What to work on
Reproduce only this stretch of the listing below: from the line with "据该场演唱会票务总代理大麦平" through the line with "10、输入:java,按下键盘上的【Enter】回车键,得到下列反馈", exactly as written, with pictures excluded.

Data for processing
──────────────────────────────
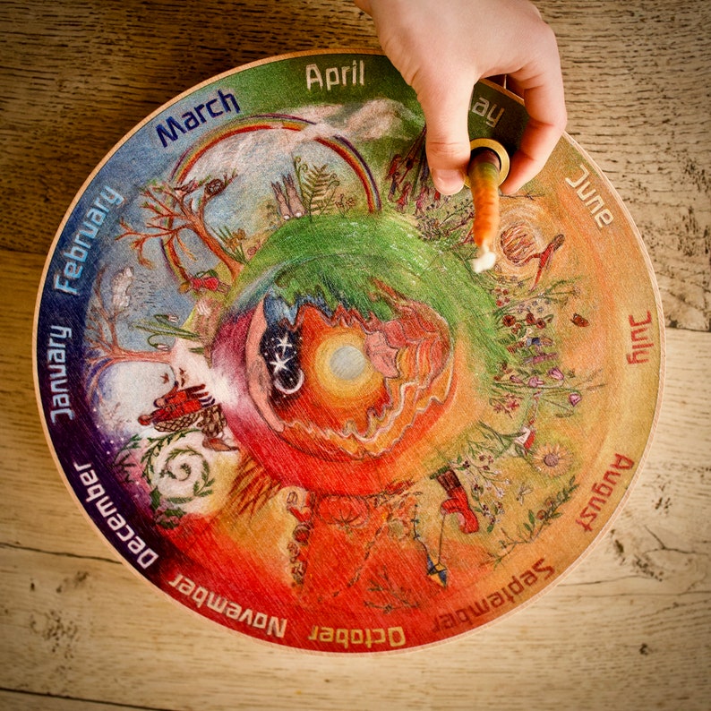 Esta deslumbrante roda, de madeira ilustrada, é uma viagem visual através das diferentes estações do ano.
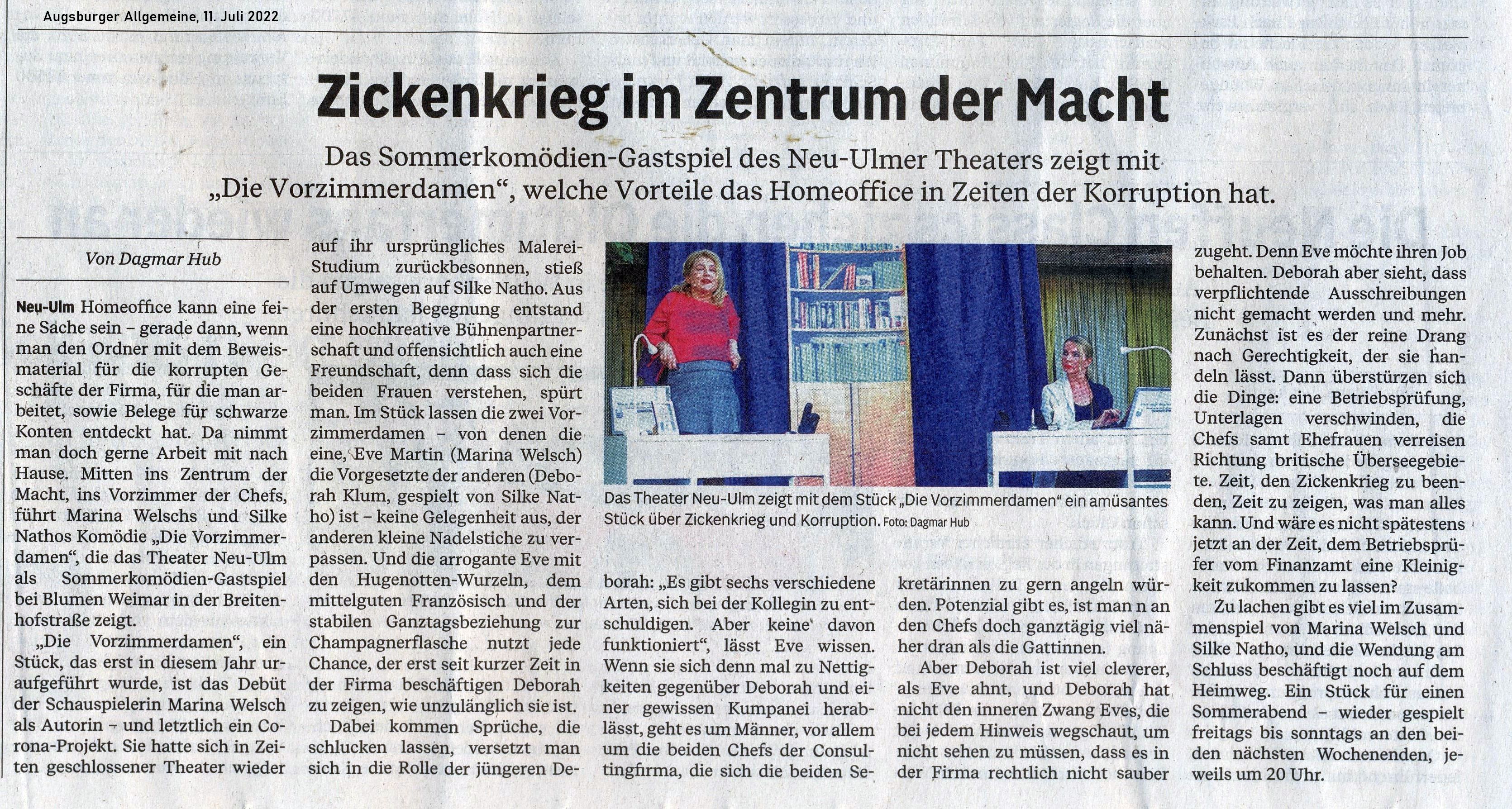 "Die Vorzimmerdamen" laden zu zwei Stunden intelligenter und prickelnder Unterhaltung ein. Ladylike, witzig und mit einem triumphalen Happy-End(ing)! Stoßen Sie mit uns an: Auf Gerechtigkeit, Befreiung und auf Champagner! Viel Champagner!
──────────────────────────────
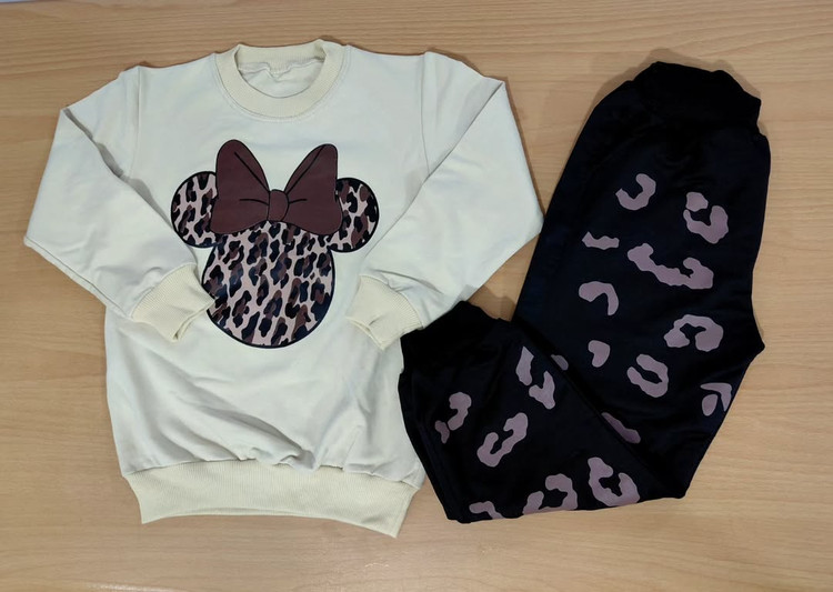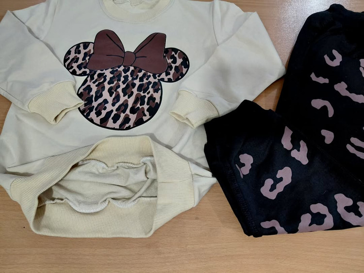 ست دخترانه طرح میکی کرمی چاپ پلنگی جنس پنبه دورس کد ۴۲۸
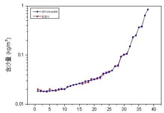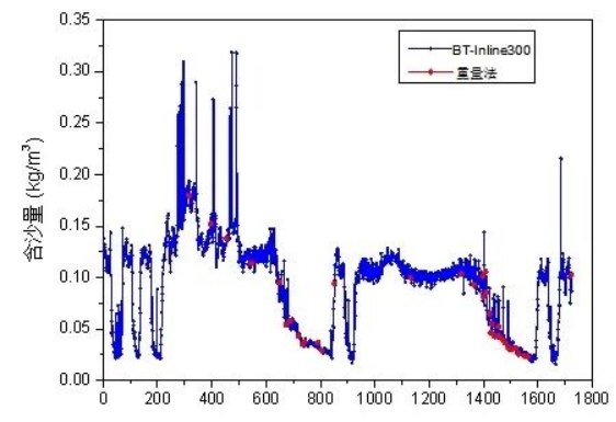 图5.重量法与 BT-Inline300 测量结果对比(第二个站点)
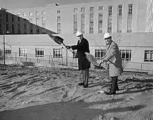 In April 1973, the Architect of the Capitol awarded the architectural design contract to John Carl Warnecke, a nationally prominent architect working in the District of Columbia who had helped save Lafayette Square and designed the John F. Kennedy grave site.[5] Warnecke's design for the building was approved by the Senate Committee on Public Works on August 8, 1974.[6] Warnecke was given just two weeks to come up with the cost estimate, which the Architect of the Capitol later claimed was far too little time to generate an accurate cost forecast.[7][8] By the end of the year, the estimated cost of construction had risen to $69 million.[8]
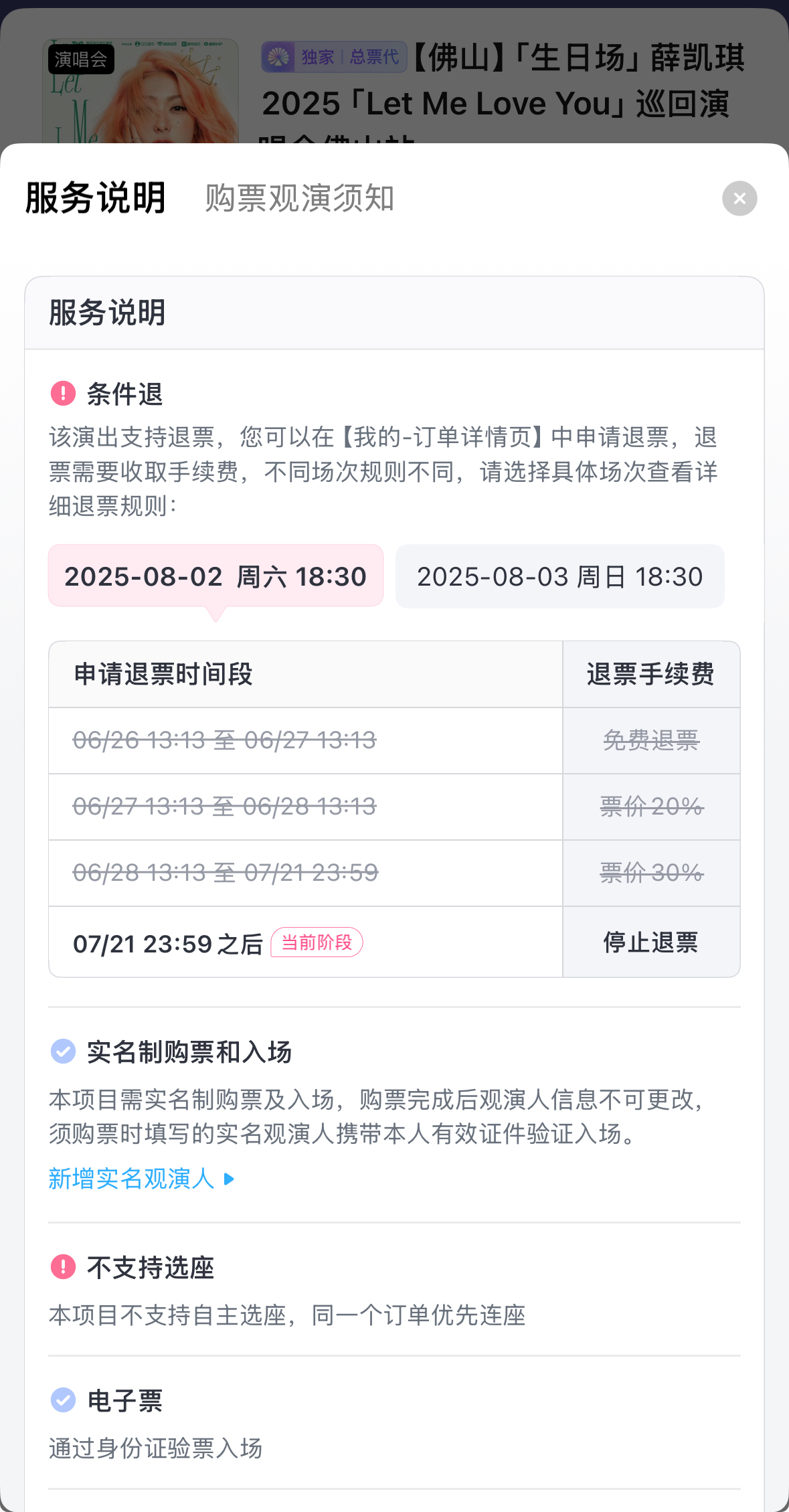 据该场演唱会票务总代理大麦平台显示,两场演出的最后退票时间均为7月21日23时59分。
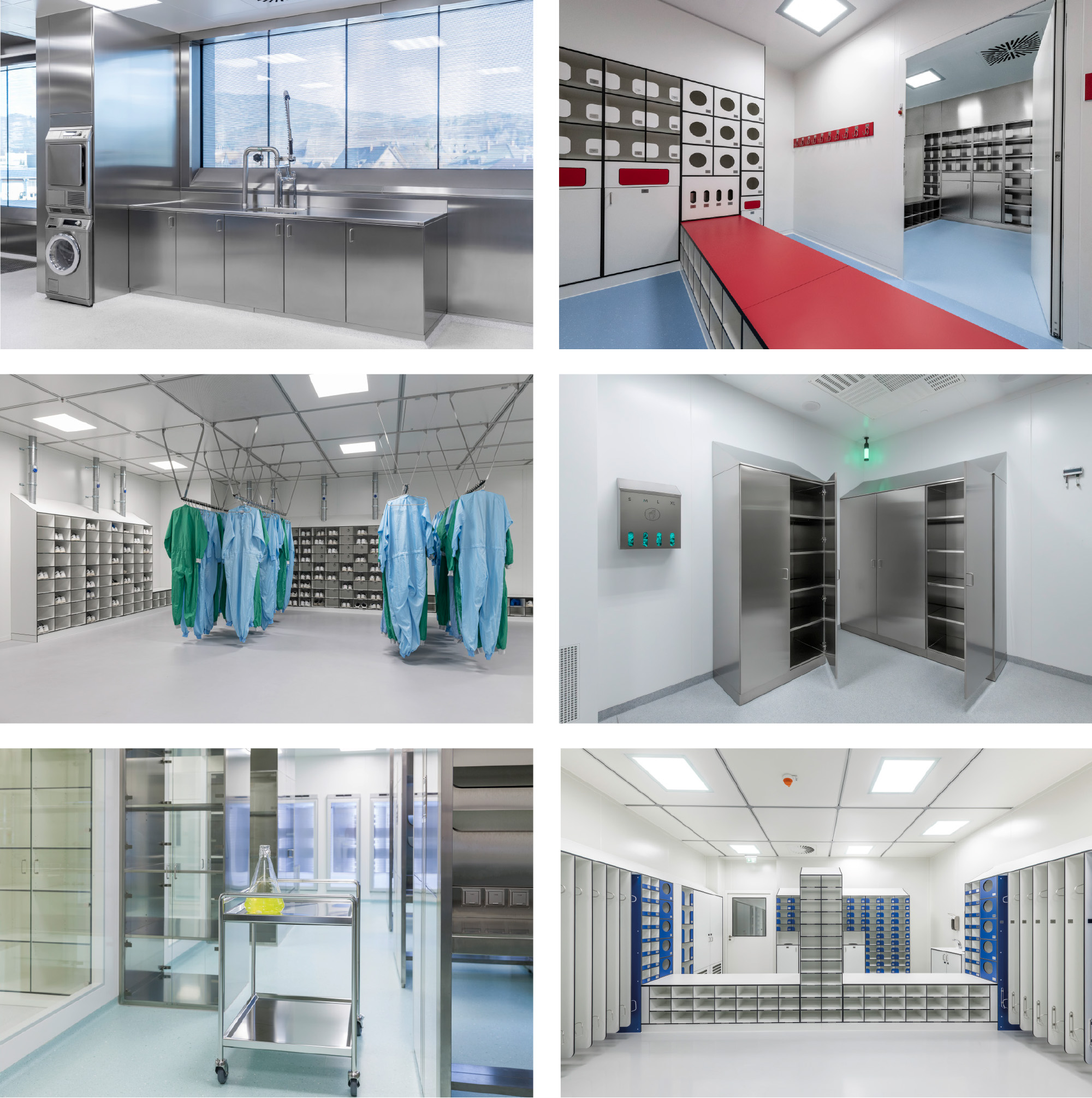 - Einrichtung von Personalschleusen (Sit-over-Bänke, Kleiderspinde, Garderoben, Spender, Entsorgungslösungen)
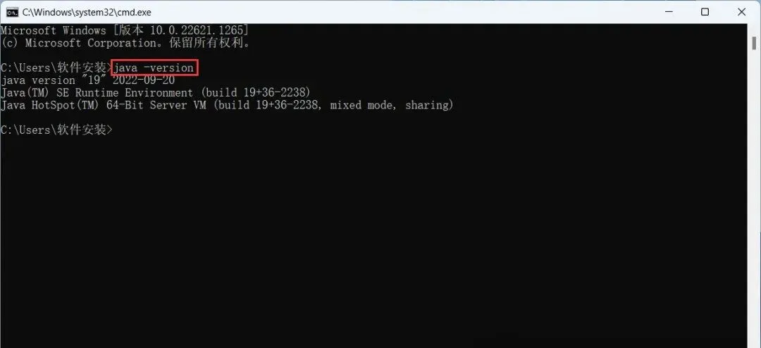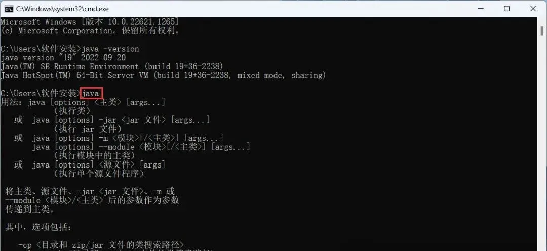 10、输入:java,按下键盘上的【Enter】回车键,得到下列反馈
──────────────────────────────
Answer box
 据该场演唱会票务总代理大麦平台显示,两场演出的最后退票时间均为7月21日23时59分。
 - Einrichtung von Personalschleusen (Sit-over-Bänke, Kleiderspinde, Garderoben, Spender, Entsorgungslösungen)
 10、输入:java,按下键盘上的【Enter】回车键,得到下列反馈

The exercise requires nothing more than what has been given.